Summary:
When someone runs --changed-only mode, there is a risk of corrupting the results
for future analyses. The problem is that changed-only mode does not analyze the callers of changed
procedures. If a subsequent analysis relies on the specs of one of these callers, they will be stale
and may give the wrong results. To be concrete, let's say we know `Parent.foo()` calls `Child.bar()` and we do the following rounds of analysis:
Analysis round 1: Analyze all files, including `Parent` and `Child`
Analysis round 2: Analyze `Child.bar()` only with `--changed-only flag`. `Parent.foo()` is now stale.
Analysis round 3: Add procedure `Parent.baz()` that calls `Parent.foo()`, analyze in (any) incremental mode.
The analysis will only analyze `Parent.baz()`. However, the specs for `Parent.foo()` are stale and may give us bad results for `Parent.baz()`. We want the analysis to re-analyze `Parent.baz()`, but before this diff it will not.

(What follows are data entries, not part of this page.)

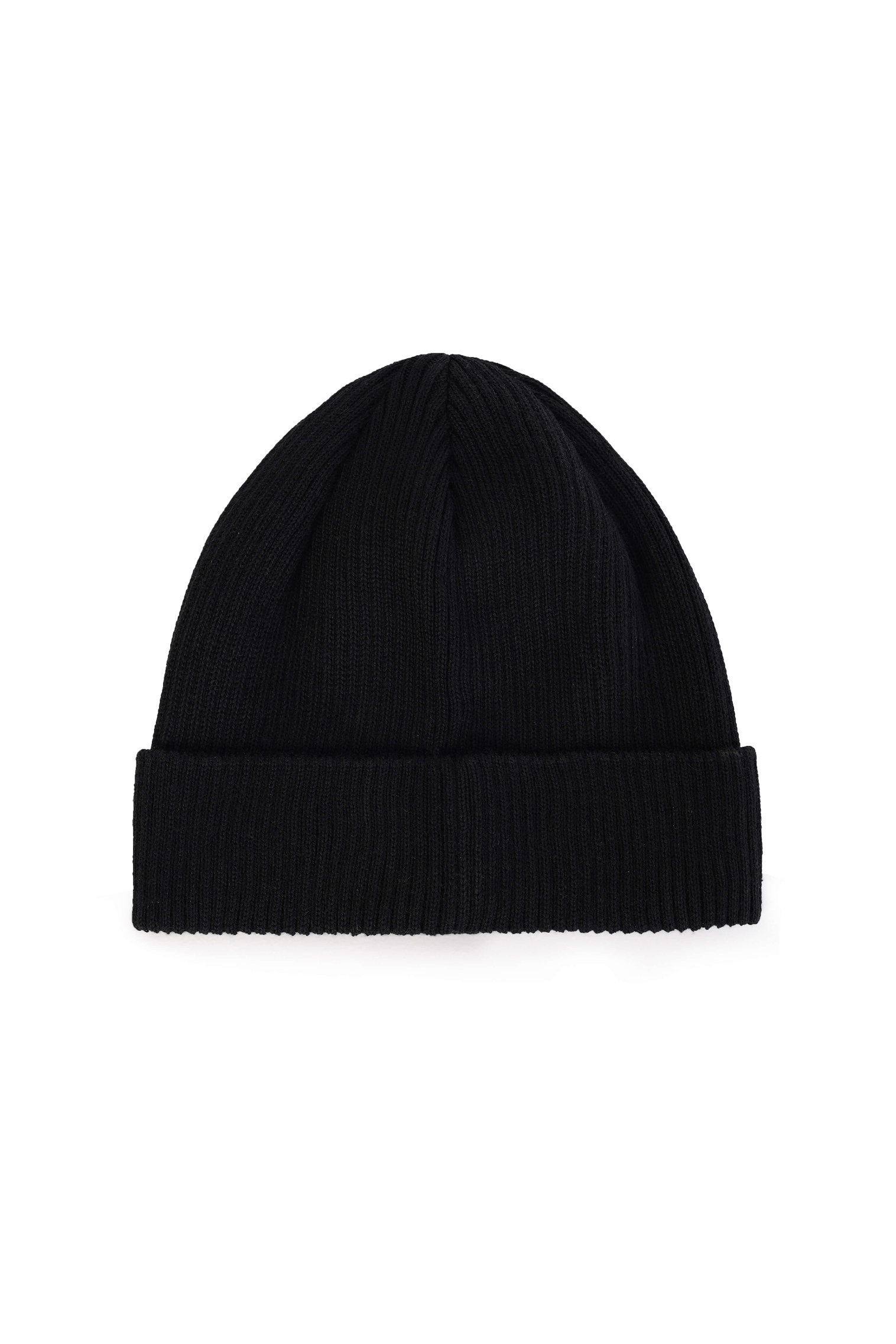 Шапка базового кроя с примесью шерсти, прорезиненный логотип бренда в виде нашивки спереди.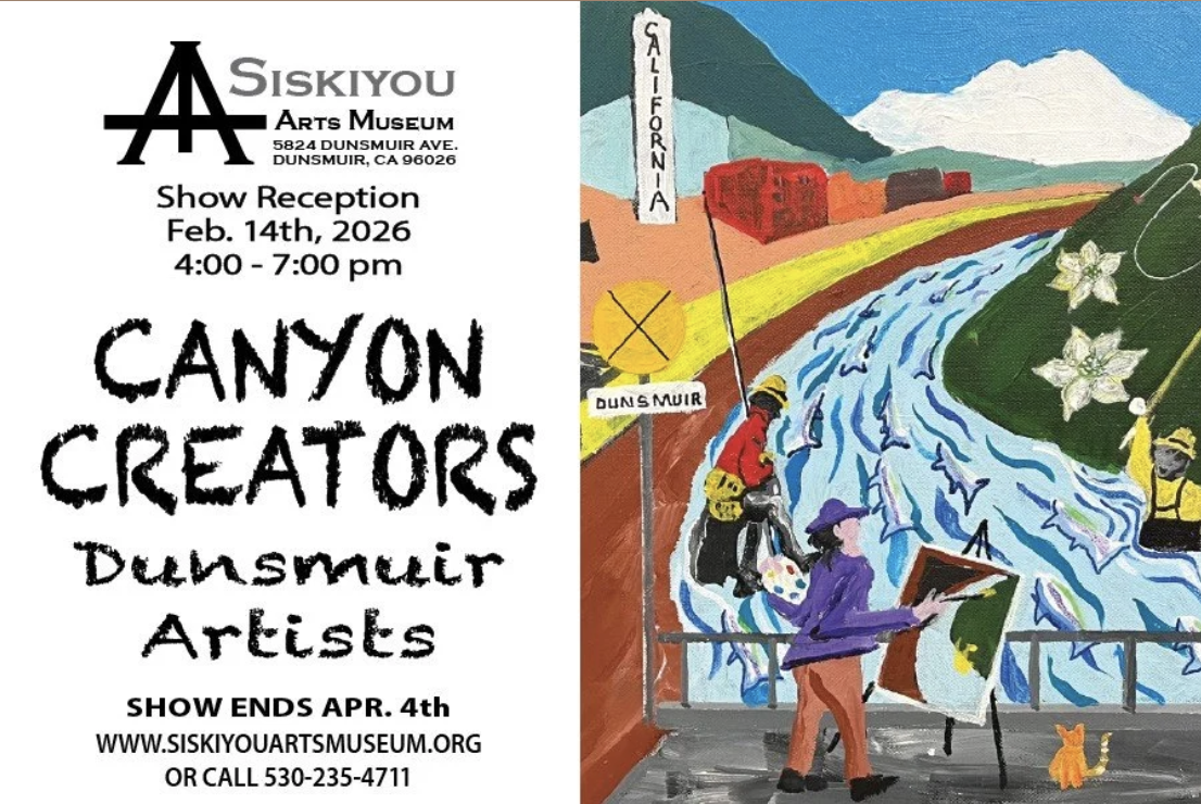 Siskiyou Arts Museum: Canyon Creators: Dunsmuir Artists, reception with wine & nibbles 4-7pm.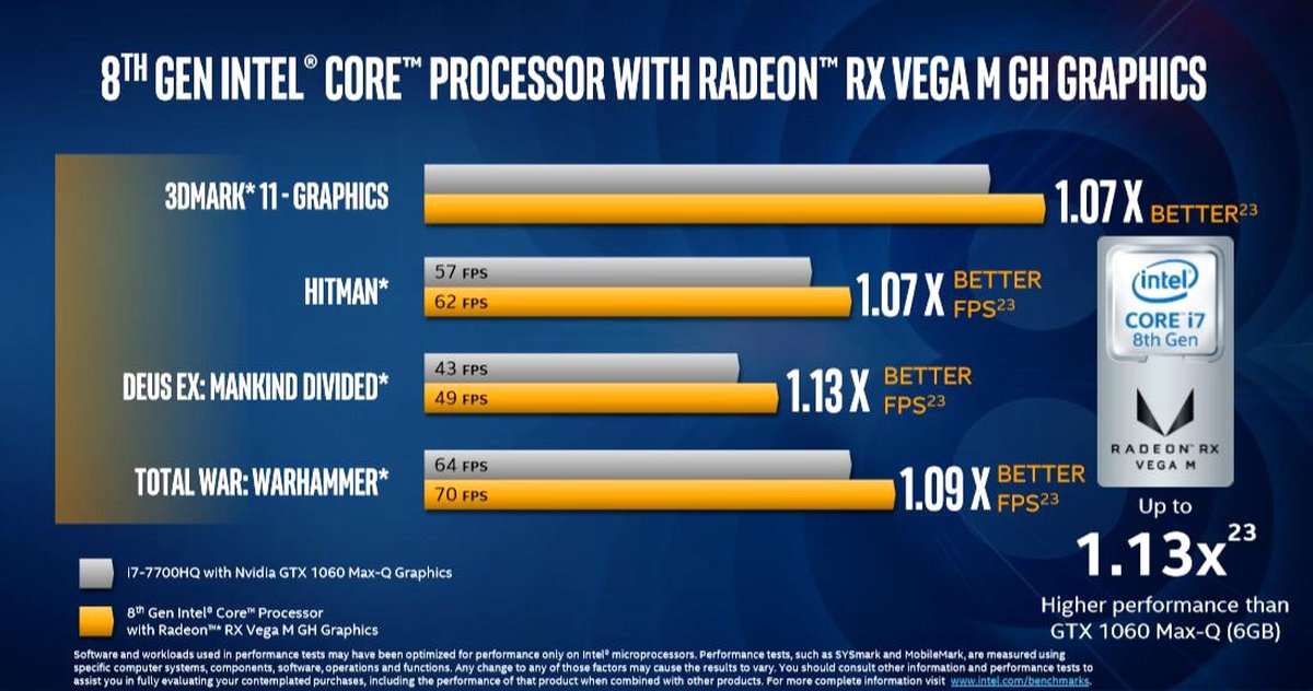 Кроме того, AMD совместно с Intel представили процессоры восьмого поколения Kaby Lake G, в которых используются графические чипы AMD Radeon RX Vega M. Каждый такой чип снабжен 4 ГБ встроенной памяти HBM2, по производительности новое решение Intel и AMD близко к видеокартам Nvidia GeForce GTX 1050 и GTX 1060.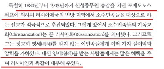 장로회신학대학교에서 러시아 정교회관련 논문으로 박사학위를 받은 남정우 박사는 기독교 사상에 기고한 '러시아정교회의 특성 이해'에서 러시아는 제국의 변방의 소수민족들에 대해서 적극적인 선교를 펼쳤고, 영세를 받지 않는 이민족들은 불이익을 얻었지만 영세를 받는 사람들에게는 많은 혜택이 있었다고 했다.

This diff fixes this problem by adding a `STALE` status bit to procedure summaries. In `--changed-only` mode,
the callers of a changed procedures are not re-analyzed, but their summaries are marked as stale. For both
`--changed-only` and regular incremental mode, callees of changed procedures that are marked as stale are
re-analyzed even if they have not changed. This is better than a more obvious solution like deleting stale
procedure summaries, since that would force the next analysis to re-analyze all stale procedures even if it
does not need the results for whatever analysis it is doing. This scheme implemented in this diff ensures
that each analysis only does the work that it needs to compute reliable results for its changed procedures.